RAW DATA Start Marker

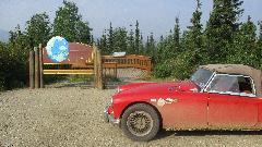 Another 60 miles up we made a fuel stop at Coldfoot. Truck stop, restaurant, post office, motel, and I think a gravel runway for small planes. What you see is what you get. But wait, check this out. The cute gal with the new fur coat had to get her picture taken with the MGA. She got so excited about the car that she forgot to turn on the gas pump. She owns a nice 1978 MGB which is currently in South Carolina, but which she intends to bring to Fairbanks.
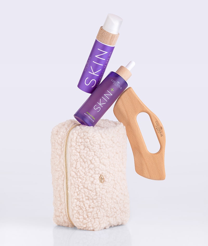 O sérum SKIN+ reduz visivelmente a celulite, graças a 4 ingredientes ativos em concentração máxima. O óleo seco SKIN Anti-cellulite , aplicado com o massajador BODY GUA SHA, intensifica o efeito anticelulítico e ajuda a MOLDAR as curvas do corpo.
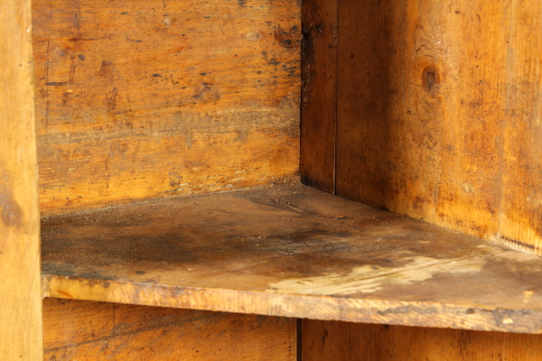 Credenza con quattro ante sul fronte e tre cassetti sottopiano, piano lastronato a lisca di pesce non coevo, interni in abete, restauri e sostituzioni.
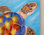 Inspired by the majesty of the turtle, I used its symmetrical elegance to fill it with warm colors which resemble fire. It looks at you and guides you only to the future, to new sights towards a long life of success.
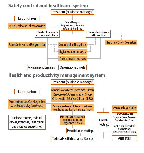 The safety control and healthcare system and the health and productivity management system of Toshiba Tec are set out as described in the chart below.
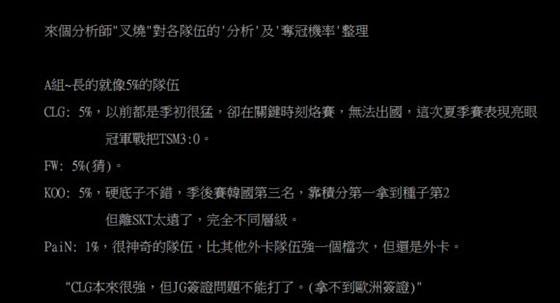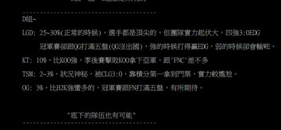 然后就是分析各小组的出现情况,A组和B组都是3支队伍争两个名额,一个相对较弱的队伍很有可能搅局,C组和D组的形势都较明朗,很可能是中韩携手出线。叉烧认为闪电狼和AHQ的签运都很好,有可能进8强,但是很难进4强,因为中韩的队伍实在是太强了。
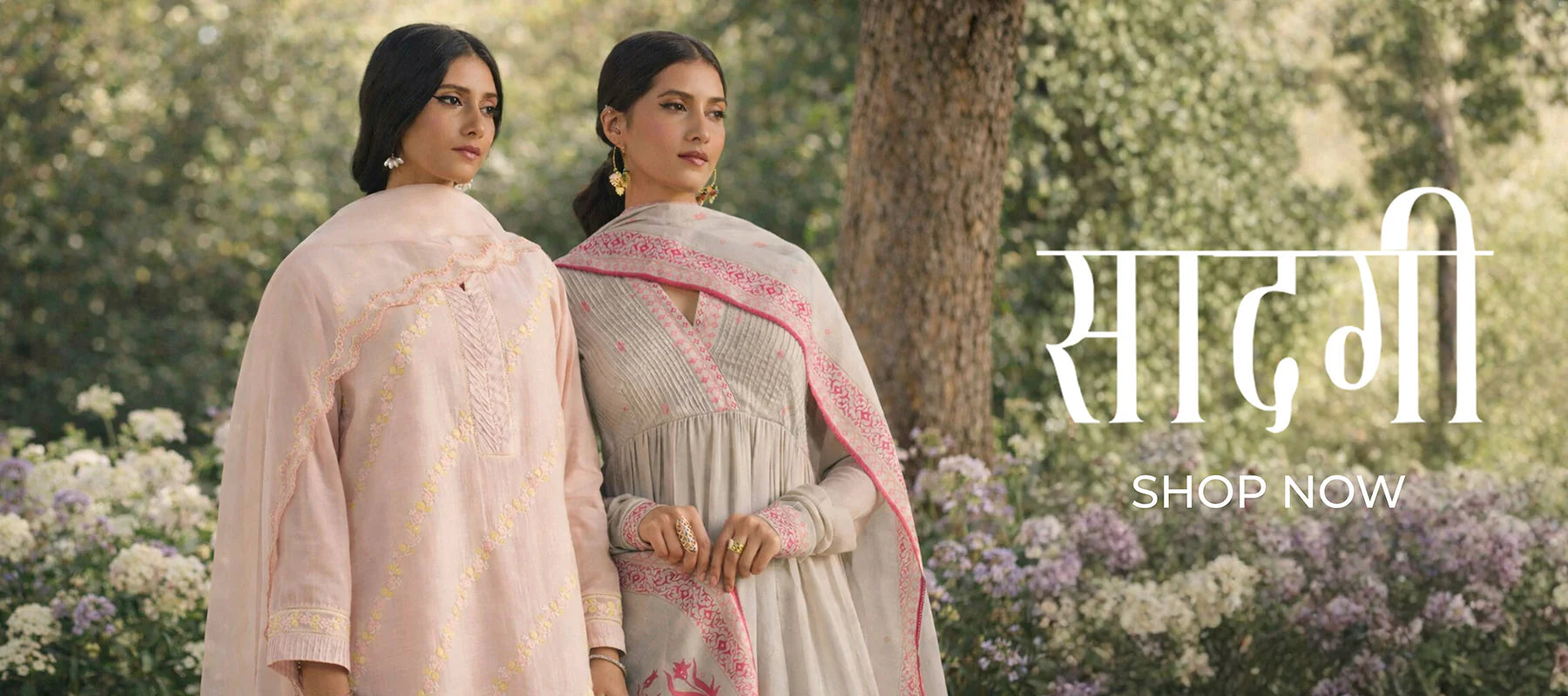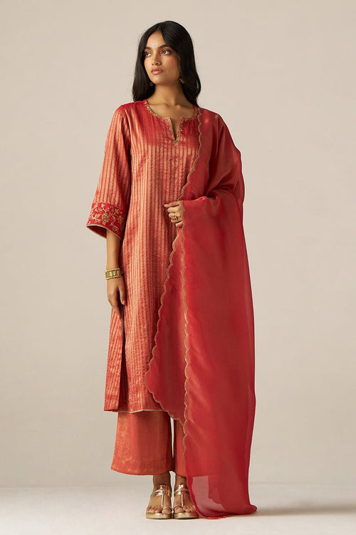 Beige and Pink Woven Kurta Suit Set With Delicate Hand Work Detailing
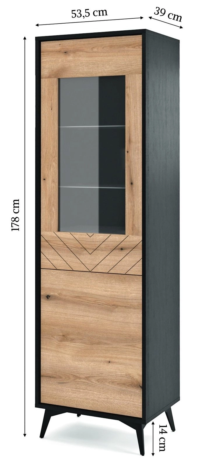 - Kompaktní rozměry (178×54×39 cm) – snadno vitrínu umístíte do různých místností bez omezení kapacity
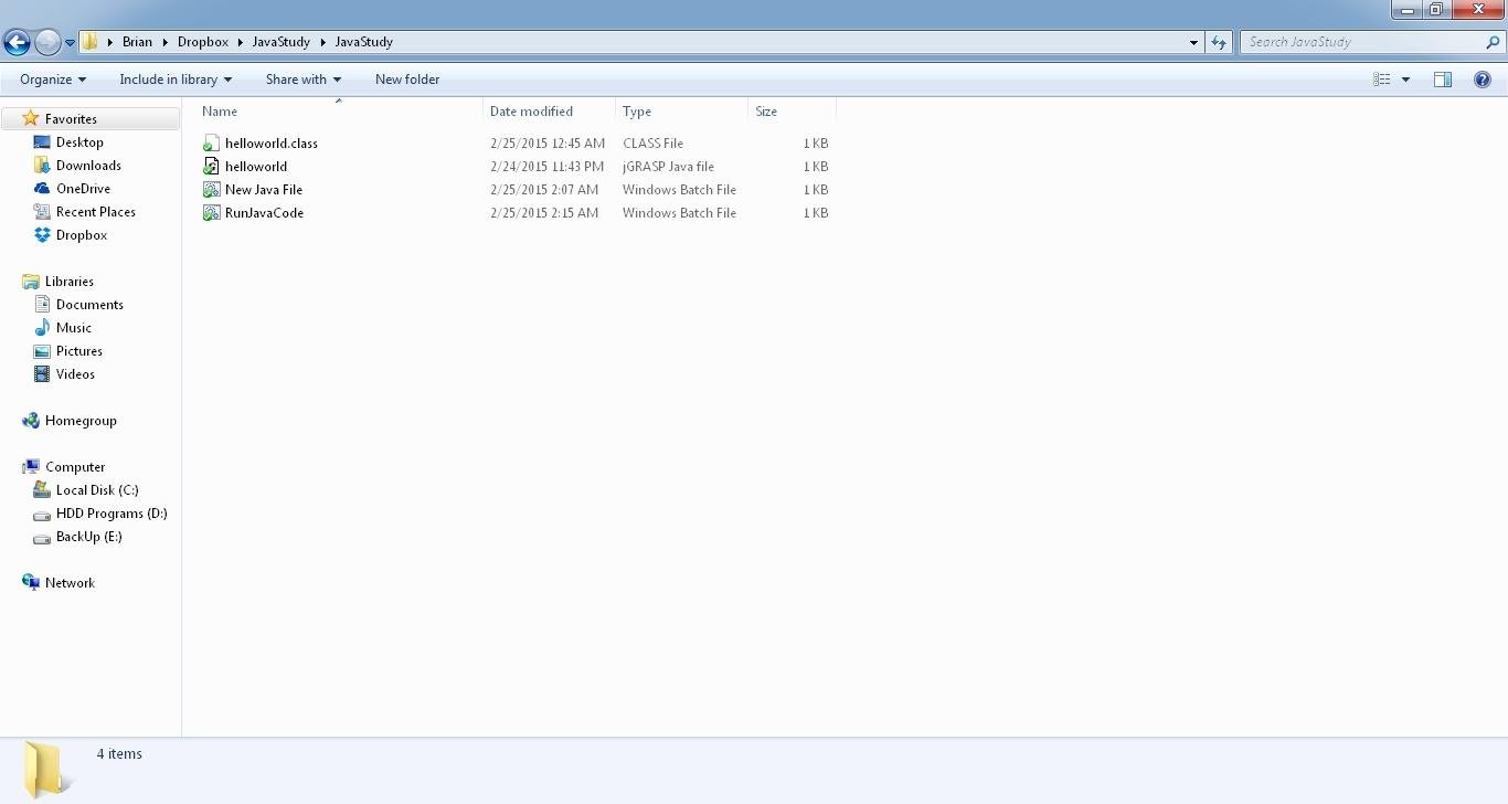 Anytime you want to make simple programs to test code or whatever, use these batch files I made. They are much quicker than opening up an IDE and typing in all the stuff to test something out. The batchfile "RunJavaCode" then creates a .class file (bytecode) and then runs the program. Very easy.
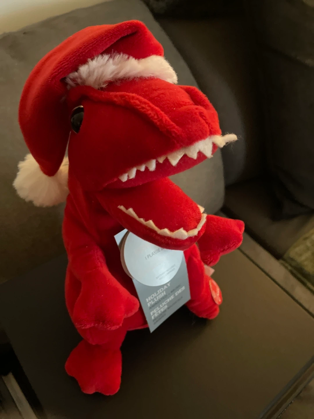 96Like new from non smoking home. This Christmas Dino growls! Makes an interesting decoration for the upcoming holidays! Takes 3 AA batteries.
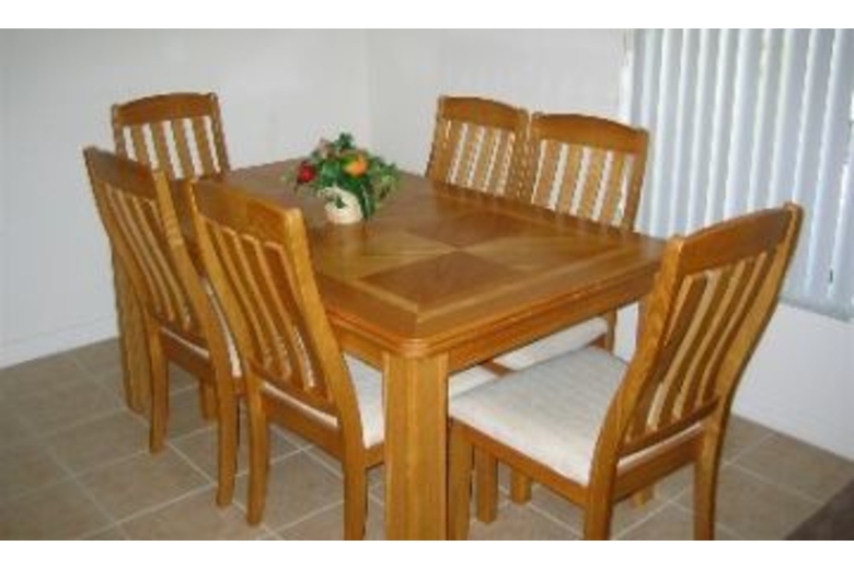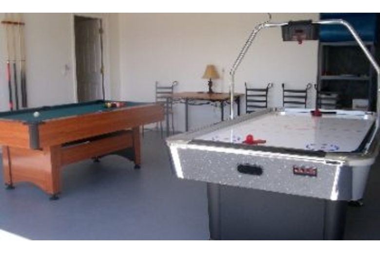 This four bed three and a half bath home is comfortably furnished throughout and offers all the amenities of home plus more! It features a spacious living room, dining area and fully equipped kitchen with breakfast bar, washer/dryer and game room offering air hockey and a pool table. Guests also have access to TV, VCR, Nintendo Game Cube and stereo system in the living room and cable TV. The master bedroom suite offers a king size bed with TV, VCR, two closets and a bathroom suite. The second bedroom offers a queen bed, TV, DVD player and X-Box Game System and a private bathroom. The third and fourth bedrooms each containing two twin beds and are separated by a Jack & Jill bathroom. Relax in the enclosed rear patio, offering both sun and shade, accessible by sliding glass patio doors from both living room and master bedroom. It is fully furnished with plenty of seating and dining area, has a gas bar-b-que, outdoor shower, full-size in-ground pool (heating available) with attached spa and a half bath located poolside. There is room for four cars in driveway.Surrounding Description
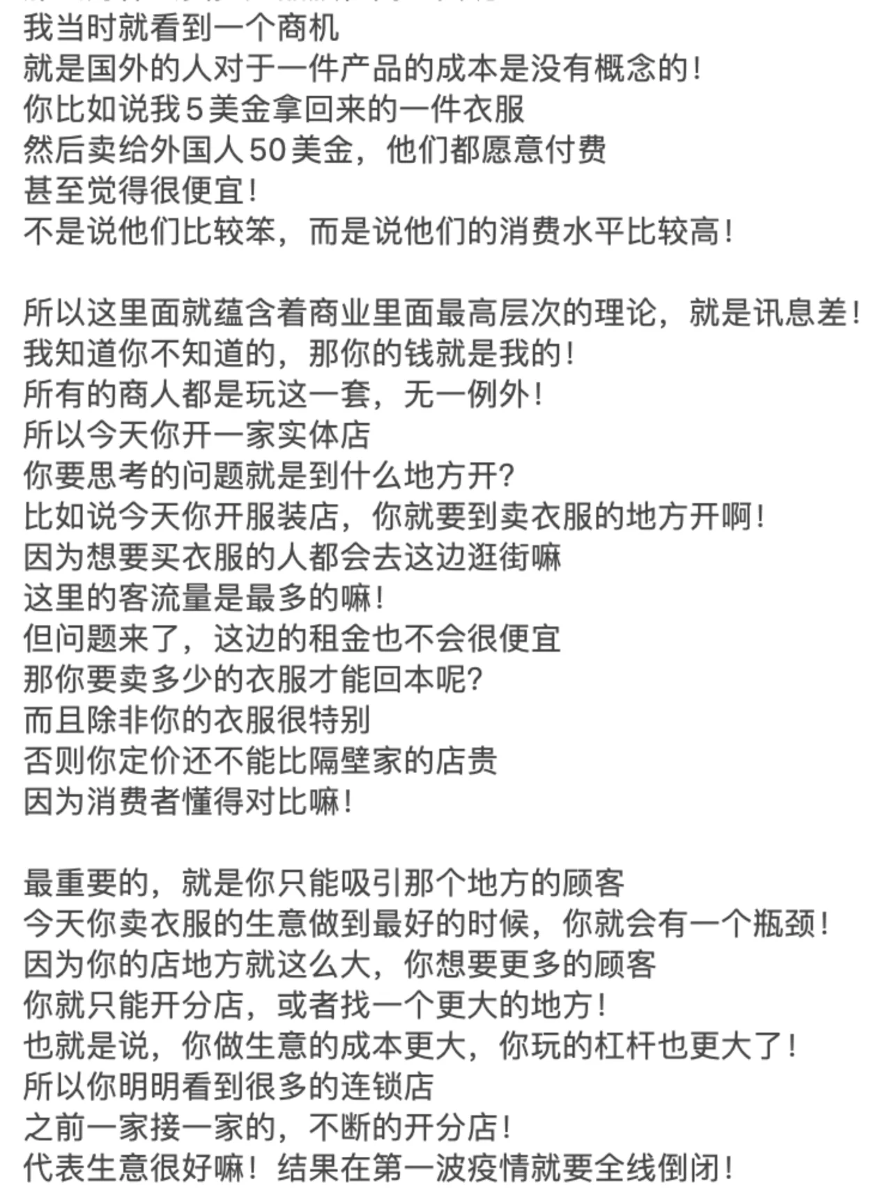 ? 如果你想从头开始,通过在线做生意赚钱 你一定要看到这张纸条的末尾! 许多兄弟姐妹,包括我的一些商业朋友 每个人都让我解释一下如何做电子商务! 因为最近每个人都收到了很多关于做电子商务的广告 我很好奇2024年这项业务还能做吗 - ? 我反过来问他们,你认为在网上卖东西容易赚钱吗 你开实体店更容易赚钱吗 近年来,由于疫情 我还没见过谁能通过经营实体店发大财! 因为很多人的习惯已经转移到了网上 在线消费、在线娱乐和在线交流 甚至在线解决生理需求! - ? 之前的新闻没有说有数学老师 在成人网站上教数学,年收入超过700万元 因此,毫无疑问,任何与互联网相关的业务都可以做! 因为你首先选择了正确的趋势! 但为什么很多人说现在做电子商务越来越难了 事实并不是电子商务变得越来越难做 但这只是传统的电子商务越来越难做了! 所以你必须了解整个行业的基本逻辑! - ? 做生意无非是四个字:低买高卖! 如果你想在网上销售东西,只需要解决三个问题 那么,为什么我有资格告诉你这些事情呢 因为我的第一笔生意是做所谓的传统电子商务 我刚刚了解了传统电子商务的前几大趋势 还有那些制造人生第一桶金的人! - ? 所以我不会告诉你电子商务中片面的新手村问题 但直接与大家毫无保留地分享整个商业模式! 我也挣扎了很久,毕竟这是一个大多数人都不知道的商业秘密! 但我还是选择大声说话,所以每个人都必须竖起大拇指! 当你的财富在六个月后变得免费时 你可以在播放列表中检索到这张纸条,然后回来祝贺我! - ? 首先,在做生意的时候,我们必须思考一个问题,那就是定位! 你想往上游走还是往下游走 上游是从头开始构建产品的人 下游是那些从有产品到没有产品的人! 所以我们都知道上游是最赚钱的 因为你是产品和服务之母! 产品是你开发和生产的 每个人都在找你来提货! - ? 这对大多数人来说是不现实的,对吧 因为他们没有启动资金 没有任何技术开发成为该产品的上游! 所以当时我也有同样的想法 所以我选择了无利可图的手法,用空手套白狼 这是关于这些产品的低买高卖! - ? 我只需要以很低的价格从这些供应商那里购买 然后通过包装该产品并转售给市场 中间的差价就是我的利润! 我相信每个人都能理解这一点,因为实体业务也是这样做的! 那么,为什么要在网上销售产品呢 当时我看到了一个商机 外国人对产品的成本没有概念!

RAW DATA End Marker

> HOW TO COMPLETE THIS TASK: Would you copy out the material above exactly, without the pictures in it?

> EXERCISE ANSWER:
 Another 60 miles up we made a fuel stop at Coldfoot. Truck stop, restaurant, post office, motel, and I think a gravel runway for small planes. What you see is what you get. But wait, check this out. The cute gal with the new fur coat had to get her picture taken with the MGA. She got so excited about the car that she forgot to turn on the gas pump. She owns a nice 1978 MGB which is currently in South Carolina, but which she intends to bring to Fairbanks.
 O sérum SKIN+ reduz visivelmente a celulite, graças a 4 ingredientes ativos em concentração máxima. O óleo seco SKIN Anti-cellulite , aplicado com o massajador BODY GUA SHA, intensifica o efeito anticelulítico e ajuda a MOLDAR as curvas do corpo.
 Credenza con quattro ante sul fronte e tre cassetti sottopiano, piano lastronato a lisca di pesce non coevo, interni in abete, restauri e sostituzioni.
 Inspired by the majesty of the turtle, I used its symmetrical elegance to fill it with warm colors which resemble fire. It looks at you and guides you only to the future, to new sights towards a long life of success.
 The safety control and healthcare system and the health and productivity management system of Toshiba Tec are set out as described in the chart below.
 然后就是分析各小组的出现情况,A组和B组都是3支队伍争两个名额,一个相对较弱的队伍很有可能搅局,C组和D组的形势都较明朗,很可能是中韩携手出线。叉烧认为闪电狼和AHQ的签运都很好,有可能进8强,但是很难进4强,因为中韩的队伍实在是太强了。
 Beige and Pink Woven Kurta Suit Set With Delicate Hand Work Detailing
 - Kompaktní rozměry (178×54×39 cm) – snadno vitrínu umístíte do různých místností bez omezení kapacity
 Anytime you want to make simple programs to test code or whatever, use these batch files I made. They are much quicker than opening up an IDE and typing in all the stuff to test something out. The batchfile "RunJavaCode" then creates a .class file (bytecode) and then runs the program. Very easy.
 96Like new from non smoking home. This Christmas Dino growls! Makes an interesting decoration for the upcoming holidays! Takes 3 AA batteries.
 This four bed three and a half bath home is comfortably furnished throughout and offers all the amenities of home plus more! It features a spacious living room, dining area and fully equipped kitchen with breakfast bar, washer/dryer and game room offering air hockey and a pool table. Guests also have access to TV, VCR, Nintendo Game Cube and stereo system in the living room and cable TV. The master bedroom suite offers a king size bed with TV, VCR, two closets and a bathroom suite. The second bedroom offers a queen bed, TV, DVD player and X-Box Game System and a private bathroom. The third and fourth bedrooms each containing two twin beds and are separated by a Jack & Jill bathroom. Relax in the enclosed rear patio, offering both sun and shade, accessible by sliding glass patio doors from both living room and master bedroom. It is fully furnished with plenty of seating and dining area, has a gas bar-b-que, outdoor shower, full-size in-ground pool (heating available) with attached spa and a half bath located poolside. There is room for four cars in driveway.Surrounding Description
 ? 如果你想从头开始,通过在线做生意赚钱 你一定要看到这张纸条的末尾! 许多兄弟姐妹,包括我的一些商业朋友 每个人都让我解释一下如何做电子商务! 因为最近每个人都收到了很多关于做电子商务的广告 我很好奇2024年这项业务还能做吗 - ? 我反过来问他们,你认为在网上卖东西容易赚钱吗 你开实体店更容易赚钱吗 近年来,由于疫情 我还没见过谁能通过经营实体店发大财! 因为很多人的习惯已经转移到了网上 在线消费、在线娱乐和在线交流 甚至在线解决生理需求! - ? 之前的新闻没有说有数学老师 在成人网站上教数学,年收入超过700万元 因此,毫无疑问,任何与互联网相关的业务都可以做! 因为你首先选择了正确的趋势! 但为什么很多人说现在做电子商务越来越难了 事实并不是电子商务变得越来越难做 但这只是传统的电子商务越来越难做了! 所以你必须了解整个行业的基本逻辑! - ? 做生意无非是四个字:低买高卖! 如果你想在网上销售东西,只需要解决三个问题 那么,为什么我有资格告诉你这些事情呢 因为我的第一笔生意是做所谓的传统电子商务 我刚刚了解了传统电子商务的前几大趋势 还有那些制造人生第一桶金的人! - ? 所以我不会告诉你电子商务中片面的新手村问题 但直接与大家毫无保留地分享整个商业模式! 我也挣扎了很久,毕竟这是一个大多数人都不知道的商业秘密! 但我还是选择大声说话,所以每个人都必须竖起大拇指! 当你的财富在六个月后变得免费时 你可以在播放列表中检索到这张纸条,然后回来祝贺我! - ? 首先,在做生意的时候,我们必须思考一个问题,那就是定位! 你想往上游走还是往下游走 上游是从头开始构建产品的人 下游是那些从有产品到没有产品的人! 所以我们都知道上游是最赚钱的 因为你是产品和服务之母! 产品是你开发和生产的 每个人都在找你来提货! - ? 这对大多数人来说是不现实的,对吧 因为他们没有启动资金 没有任何技术开发成为该产品的上游! 所以当时我也有同样的想法 所以我选择了无利可图的手法,用空手套白狼 这是关于这些产品的低买高卖! - ? 我只需要以很低的价格从这些供应商那里购买 然后通过包装该产品并转售给市场 中间的差价就是我的利润! 我相信每个人都能理解这一点,因为实体业务也是这样做的! 那么,为什么要在网上销售产品呢 当时我看到了一个商机 外国人对产品的成本没有概念!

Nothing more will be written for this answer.